Thanks, I’ve been trying to come up with something like this for a while – put together several RNG that were basically garbage. When I heard of Xorshift the lightbulb came on – but even if I stick with this approach it needs to improvement, a bit of which I’ve done (perturbed the seed to avoid repeats with x and y loop around), but it still has a slight bias toward 0.

A test generation 0-9 gives:

0’s: 766966
1’s: 669401
2’s: 599692
3’s: 598700
4’s: 602171
5’s: 621632
6’s: 618932
7’s: 602576
8’s: 605209
9’s: 606177

Total = 27410618
Numebr = 6291456
Average = 4.3568006

(Also, not sure I may have over done some things {“t” twice? And does wrapping around help me in any way?} – so, it not optimized at all.)

EDIT: I’ve also modified it slightly in the short run to prevent early wrap around based on x and y (without creating special seeds elsewhere):

public long longFromTile(int x, int y, int t) {
        long out = seed + (5443 * (long)t) 
                        + (12338621L * (long)x) 
                        + (15485863L * (long)y);
        out ^= lshift(out, (x % 19) + 7);
        out ^= rshift(out, (y % 13) + 31);
        out ^= lshift(out, 4);  
        out ^= rshift(out, (t % 5) + 23);
        return out;
    }

I’ll look into other ways of optimizing it. Not to concerned about long periods at any one spot though, since it would probably used to create a small set of number for perlin noise, cellular automata, or similar. These improvements also fix the zero bias.

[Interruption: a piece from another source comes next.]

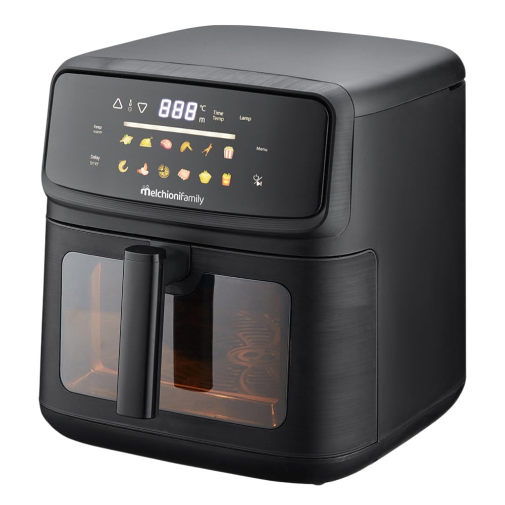 The MARTINA 10L air fryer with dual black heating elements is a compact and elegantly designed appliance, ideal for those seeking healthy and quick cooking. Its 10-litre capacity allows for generous portions, while the plastic coating ensures lightness and ease of cleaning. The device features a colour display and a switch for simple and intuitive control of the functions. Thanks to the dual heating elements, the fryer ensures even heat distribution, with adjustable temperatures ranging from 80 to 200 degrees Celsius to suit various recipes and types of food. The power consumption is 2100 watts, while the noise level is 51.90 decibels, ensuring discreet use in the kitchen. The built-in timer allows precise cooking time settings, optimising results. This model operates on 220-240V power supply at 50/60Hz, maintaining simple and reliable operation. The MARTINA air fryer represents a versatile and technologically advanced solution for those looking for an efficient and high-performing appliance, capable of delivering crispy and tasty cooking without excessive use of oil.

There have been posts on this in the past. Including my own posts. I just spent a while going through em… it was too long ago. But I used msequences. Very fast and proper pseudo random proprieties.

m-sequence + counter have the same problem - the only change algebraic structure once. Z for counter, F2 for m-sequence. It is a solution that works though…esp if you don’t need good statistical properties (which you don’t for the listed usages). This is a problem much harder than it seems.

I did a search to see if there was anything similar, but didn’t know what key words to look for, and found nothing with the terms I searched. It would be interesting to see what some of these posts actually are. I see again if I can find them.

I did test the newer version using these tests:

Though I don’t know enough about all the tests to fully interpret all them. I does seem to perform about the same as java.util.Random or between that and java.security.SecureRandom, depending on the test, and profile at about the same speed as java.Random (could probably be much faster if I didn’t use the wrap-around shifting functions). Seems less biased with low number than java.Random, too, now. I’ve yet to test it with an actual, practical use though; I’m sure it will be much better than my early naive attempts, which created obvious patterns.

Well one that isn’t totally bad and fairly fast is
((a+x)*b+y)*c+z)*d
a,b,c and d are large primes. I use the 4 largest primes for the number size i use (4 largest smaller than 2^64 for longs.)